Answer by specifying both values separately, and verify by running the three algorithms using those values, showing that they return the same response.

**Top p value:** `<your answer here>`

**Min p value:** `<your answer here>`

For your verification code, choose your own prompt and specify any amount of `max_new_tokens`

In [None]:
## <your code here>

## Question 5 (open ended): What do these algorithms do? (20pts)

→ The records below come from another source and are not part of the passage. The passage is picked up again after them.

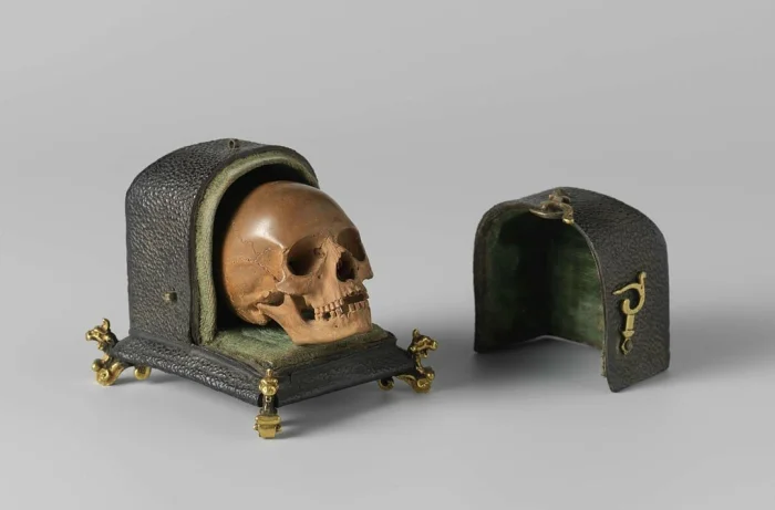 Миниатюрная вещица диаметром 4 сантиметра, череп вырезан из самшита Альбертом Янцем Винкенбринком. Помещён в шкатулку из железа и меди и обшит настоящей шагренью, 1650 г.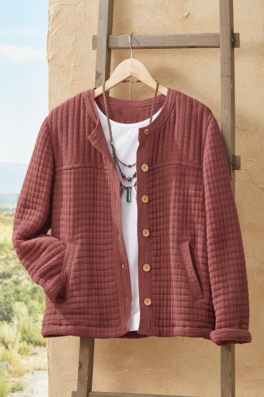 Fresh artistry in a favorite fabric. Our double gauze jacket is lightly quilted and vintage-dyed for wonderful depth of color and texture. Easy and unstructured.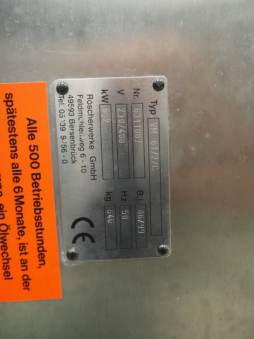Röscherwerke GmbH mobile double chamber vacuum machine, type: VM-61/2/C, number: 6311007, year of construction: 06/99, 230/400 V, 50 Hz, 6.2 kW, weight: 640 kg, seal length: (4x) 860 mm, chamber: (2x) 880 mm x 640 mm, Busch vacuum pump, type: RA 0250 D 561 QMZZ, number: C9920000012, capacity: 250 m³ per hour, total dimensions: 1950 mm x 920 mm x 1100 mm.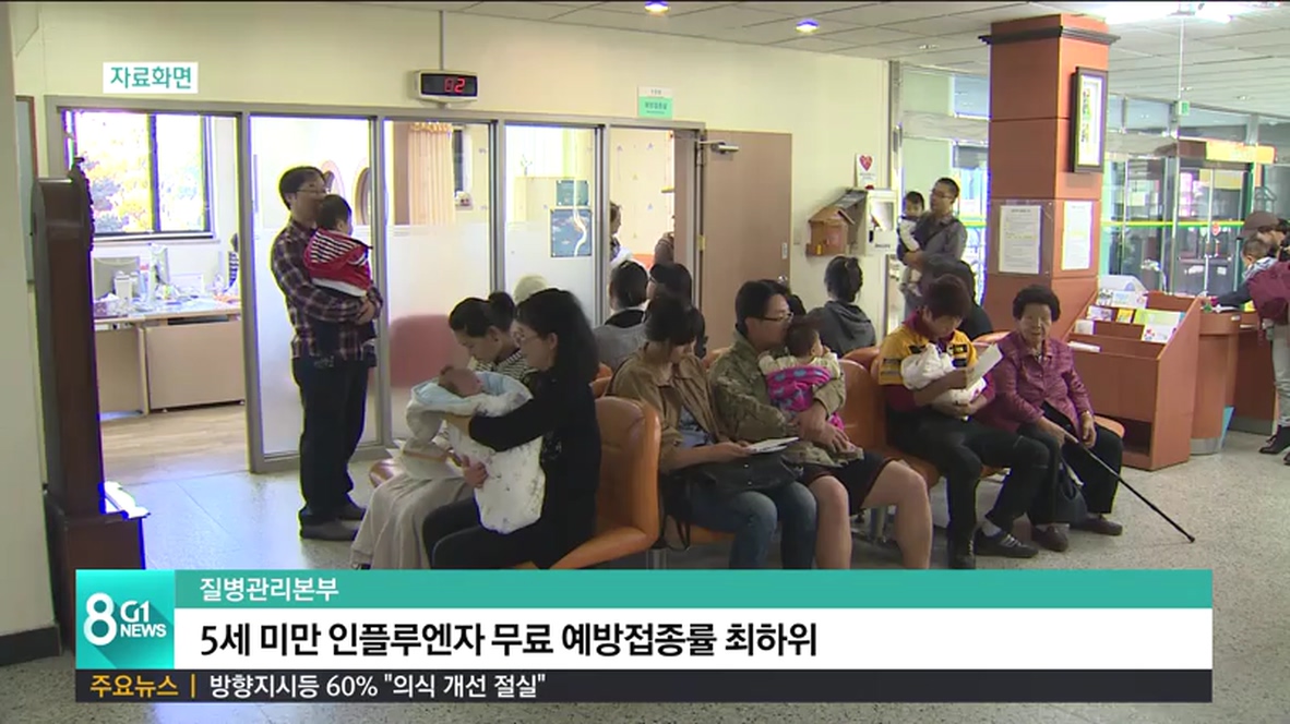 질병관리본부에 따르면, 지난해부터 최근까지 조사한 도내 만 5세 미만 어린이 인플루엔자 무료 예방 접종률은 74.9%로, 전남에 이어 전국에서 가장 낮았습니다.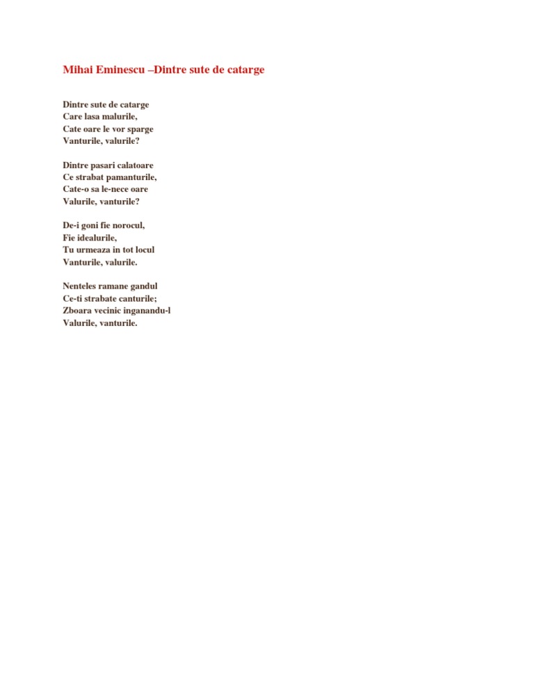 Dintre Sute De Catarge De Mihai Eminescu Anideșcoală Ro

Now that we have decoding algorithms at hand, we can get outputs using them and observe their effects.
Sample 10 outputs from each of these decoding algorithms given the same prompt and answer the following questions:

**(a)** Qualitatively, what difference do you see among those various samples? Ground your analysis in the formulations and algorithms. (4pts)

`<your answer here>`

**(b)** Quantitatively, propose a way to measure the intuition you have above. Define the measure you have chosen, implement it, and calculate results. Do you see the same trends as your qualitative analysis in part (a)? (8pts)

In [None]:
## <your code here>

`<your analysis here>`

**(c)** Now, pick one of the algorithms above and vary the `temperature` parameter. What is the effect on the outputs and why? (Make sure to test a wide range of values that are somewhat sensible to see an effect). (8pts)

In [None]:
## <your code here>

`<your analysis here>`

## Question 6: Perplexity (10pts)

Chose a response generated by either the base model or instruct-tuned model using greedy decoding. Calculate the perplexity of this response using both the base model and instruct-tuned model and compare these values.

You can use the perplexity calculation as defined here: https://huggingface.co/docs/transformers/en/perplexity

Prompt:

```
"Write an obituary for [famous person X]:"
```

In [None]:
raw_prompt = "Write an obituary for [famous person X]:" # please replace "[famous person X]" accordingly.
prompt = preprocess(raw_prompt, model_type='instruct')

## <your code here>

Now, think about these values: what do they tell you? And why?